Home Remedies for Fever Blisters
Tea bags contain tannic acid, an astringent that has antiviral properties (which is why tannic acid is often an ingredient in over-the-counter fever blister remedies). Ice numbs the pain, and there’s some evidence it may also reduce the amount of virus created.
Test tube studies suggest that lemon balm (Melissa officinalis) prevents the virus from attaching to cells, thus blocking its ability to replicate. One well-designed study of 116 people with oral or genital herpes found those treated with the balm recovered much quicker than those receiving a placebo. Plus, there’s some evidence that using lemon balm during the initial outbreak (the very first time you realize you have a fever blister) may reduce the risk of recurrence.
Lysine is an amino acid that works as an antiviral by blocking the activity of another amino acid, arginine. Arginine provides “food” for the virus, enabling it to replicate. Cutting off this fuel source reduces the amount of virus in your system. One study of 53 people with oral and genital herpes found those who received lysine supplements and cut out arginine-rich foods had an average of 3.1 outbreaks over six months, compared to an average of 4.2 in the control group.
Take lysine only until the outbreak fades (unless you have frequent outbreaks, in which case, see the advice under “Prevention”). Then, to prevent another outbreak, increase the amount of lysine-rich foods (cheese, eggs, chicken, milk, lima beans, fish, potatoes, brewer’s yeast, and soy) and decrease the amount of arginine-rich foods (nuts, chocolate, raisins, and gelatin) in your diet.
The aspirin helps relieves the pain of a fever blister and may also reduce healing time. One small study found participants who took an aspirin at the first sign of an outbreak, then continued taking it for several months, had far fewer outbreaks than a control group that didn’t take aspirin.
Herbs and Supplements
Quercetin. Take 500 milligrams twice a day of this flavonoid, which laboratory studies find blocks fever blister viruses from replicating.

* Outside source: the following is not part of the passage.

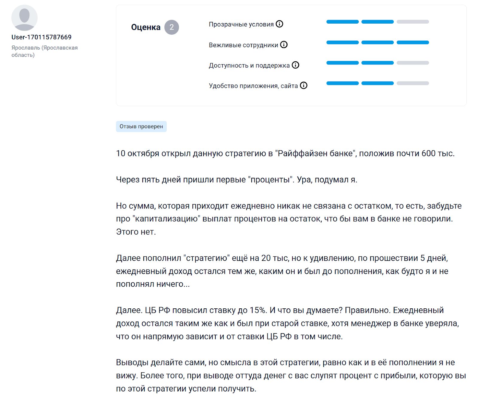 Отзывы клиентов об Уверенном доходе Райффайзенбанка негативные. Как пишут инвесторы, вклад имеет несколько подводных камней:

Aloe vera cream or extract 0.05% strength. Apply three times a day for five days during outbreaks. Studies find it reduces healing time.

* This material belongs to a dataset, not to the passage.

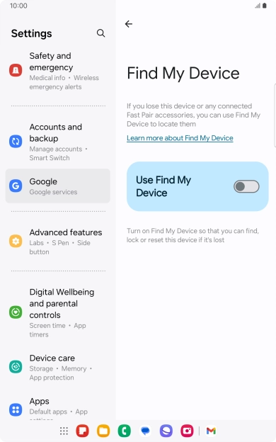 Press the indicator next to "Use Find My Device" to turn on the function.

Zinc. Apply a topical zinc sulfate cream (0.01% to 0.025%) several times a day. This helps heal the sore and reduces the risk of a recurrence.
Abreva (docosanol). This is the only over-the-counter, FDA-approved treatment for fever blisters, with studies finding it can clear an infection quicker than using nothing. It works by changing the membrane of skin cells, blocking access by the virus.
Denavir (penciclovir). This is the only prescription-strength topical treatment found to be effective, with studies showing it helps fever blisters heal about a day faster than placebo.
Oral antivirals. As with genital herpes, you can take an oral antiviral such as Zovirax (acyclovir), Famvir (famciclovir), or Valtrex (valacyclovir) at the first sign of an outbreak to prevent the virus from replicating.
Aromatherapy. Dilute 1 drop lavender, lemon balm, chamomile, bergamot, or rose oil in 10 drops jojoba oil (which serves as a carrier oil) and smooth over the affected area several times a day.
Fever Blister Prevention
Avoid triggers. Two primary ones are a weak immune system and stress. Review Part 2 for our advice on handling stress and maintaining a strong immune system. Also avoid overexposure to sunlight and any trauma to the skin around the mouth, such as rough kissing.
Follow a high-lysine/low-arginine diet. (See details above.) Also add seaweed salads, sushi, or green drinks containing seaweed extracts (available in health food stores). Laboratory studies find that seaweed has antiviral properties.
Zinc. Take 25 milligrams of zinc by mouth every day. Zinc enhances immunity, helping to prevent fever blister recurrences.
Selenium. Take 200 micrograms a day to help maintain a healthy immune system.
Lysine. If you have frequent recurrences of fever blisters, take 1 gram a day to prevent outbreaks, but don’t take if you have high cholesterol, because long-term use can increase levels of “bad” LDL cholesterol.
Sunblock. Wear a high-SPF sunblock on your face, and apply zinc oxide to areas prone to fever blisters.